After living here for a little while now, I can see what people are talking about when they say Cincinnati is a big city that behaves like a town. I think even if the parade were to be held downtown on a non-holiday weekend, it would still draw the same fire. I read some of the comments from the article and the homophobes and "religious" zealouts were coming out of the 'woodworks' to state their opinions.In most other cities in the U.S., a parade like this could be held any day of the week without the bat of an eye. I think it's actually a good move for the GLBT community of Cincinnati and it adds some needed zest and diversity to the city.
I think the fact that it's the 4th of July does make it more of issue for many people. Given the amount of acting out that often occurs at these things, some people find it a disrespectful way to celebrate our nation's birthday. I'm sure the organizers are well aware that the choice of date would get a rise out of people. Afterall, what would be the point of the parade if it didn't stir interest, both positive and negative? The fact that there is such a negative reaction is playing right into their hands, and I bet they love it.

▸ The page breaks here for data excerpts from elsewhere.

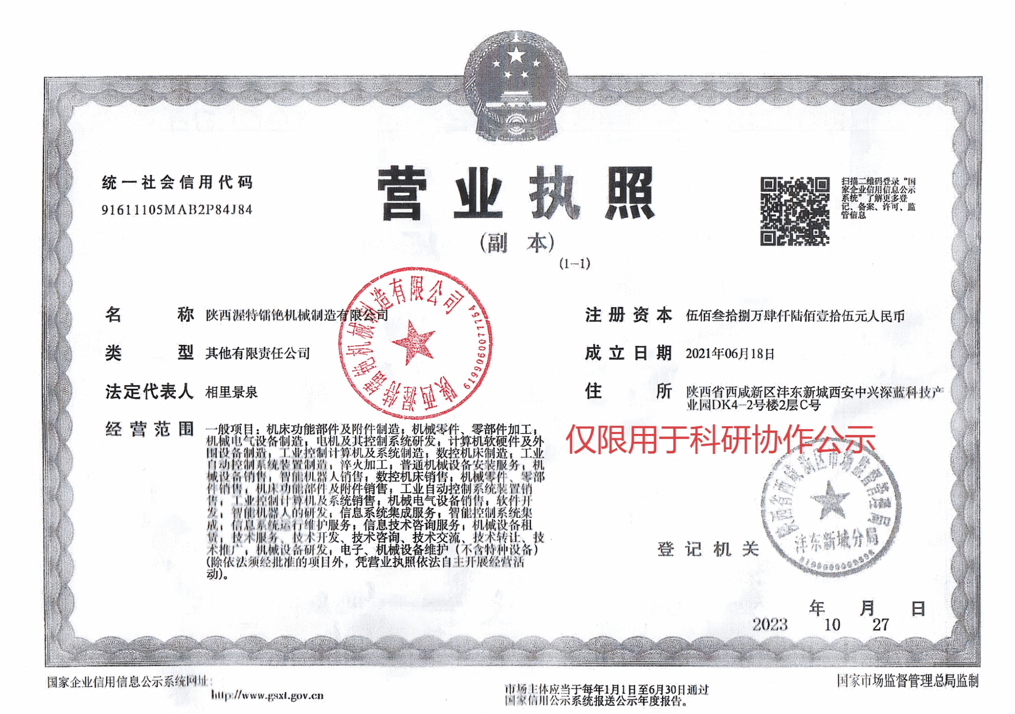 附件:外协单位营业执照
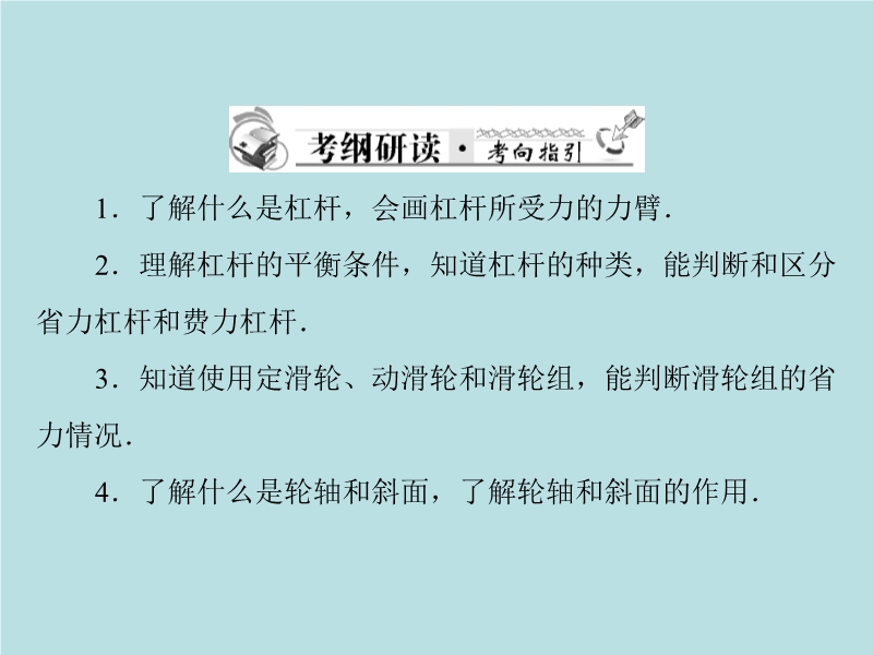 【内容简介】【最新—中考必备】(安徽专版)2014中考复习方案课件(皖考解读+考点聚焦+皖考探究):第8课时 运动和力,课件根据现行的人教版教材编辑的14届中考复习课件,课件共30张ppt幻灯片,课件分为如下几个环节组织复习:一、解读考纲,分析2013年安徽省现行考试的要求,明确本章主要考点以及各个考点对用的级别要求。分析了2011-2013三年安徽省中考考查情况,预测了2014年安徽省命题的形式和考察重点等。二、考点聚焦,本环节采用填空的形式,紧扣现行的教材,进一步熟悉教材。三、皖考探究,精选了2011-2013年安徽省部分中考试题,展示了:力和运动关系、摩擦力、牛顿第一定律 物体的惯性, 二力平衡等,通过课件展示解析,总结方法,提高学生能力,供教学参考使用。
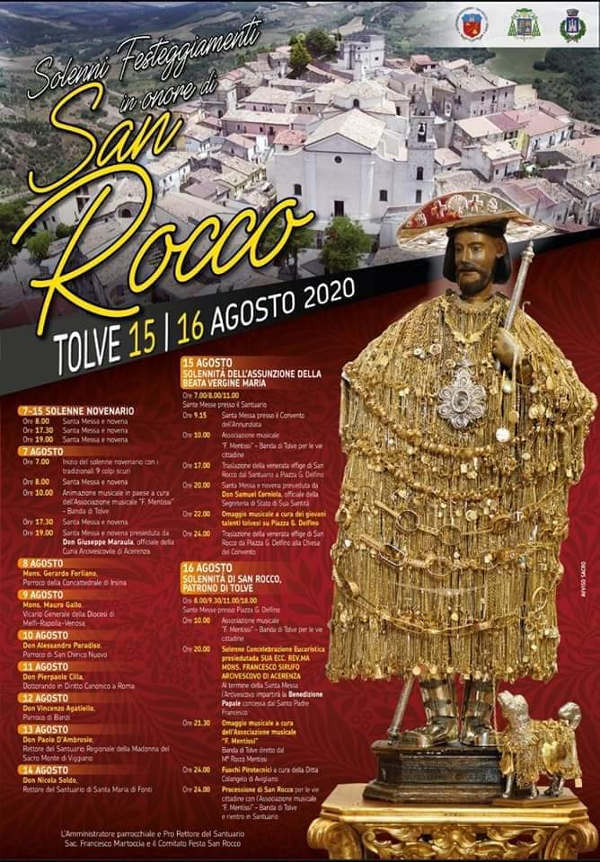 Tra i tanti paesi della nostra Regione in cui il San Rocco è venerato e festeggiato, il primo posto è certamente riconosciuto a Tolve, paese che vanta una lunga e vivace tradizione del culto per il Santo che ogni anno richiama (nella duplice ricorrenza del 16 Agosto e 16 Settembre) decine di migliaia di pellegrini da tutta la regione e dalle regioni vicine, come testimoniano le migliaia di ex voto conservati nella “Casa del Pellegrino“.
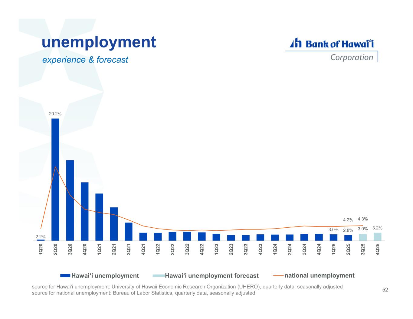 2.2% 20.2% 3.0% 2.8% 3.0% 3.2% 4.2% 4.3% 1 Q 2 0 2 Q 2 0 3 Q 2 0 4 Q 2 0 1 Q 2 1 2 Q 2 1 3 Q 2 1 4 Q 2 1 1 Q 2 2 2 Q 2 2 3 Q 2 2 4 Q 2 2 1 Q 2 3 2 Q 2 3 3 Q 2 3 4 Q 2 3 1 Q 2 4 2 Q 2 4 3 Q 2 4 4 Q 2 4 1 Q 2 5 2 Q 2 5 3 Q 2 5 4 Q 2 5 Hawai‘i unemployment Hawai‘i unemployment forecast national unemployment unemployment experience & forecast source for Hawai‘i unemployment: University of Hawaii Economic Research Organization (UHERO), quarterly data, seasonally adjusted source for national unemployment: Bureau of Labor Statistics, quarterly data, seasonally adjusted 52

I know some gay people who give these things a wide berth because of a fringe element that likes to show up just to get in people's faces and prove a point. They don't seem to feel that it does their cause much good, but of course they get labeled as some sort of closeted Uncle Tom because they don't buy into the more "exuberant" displays of gay pride.

Both sides need to give it a rest, if you ask me. The whole thing is pretty boring.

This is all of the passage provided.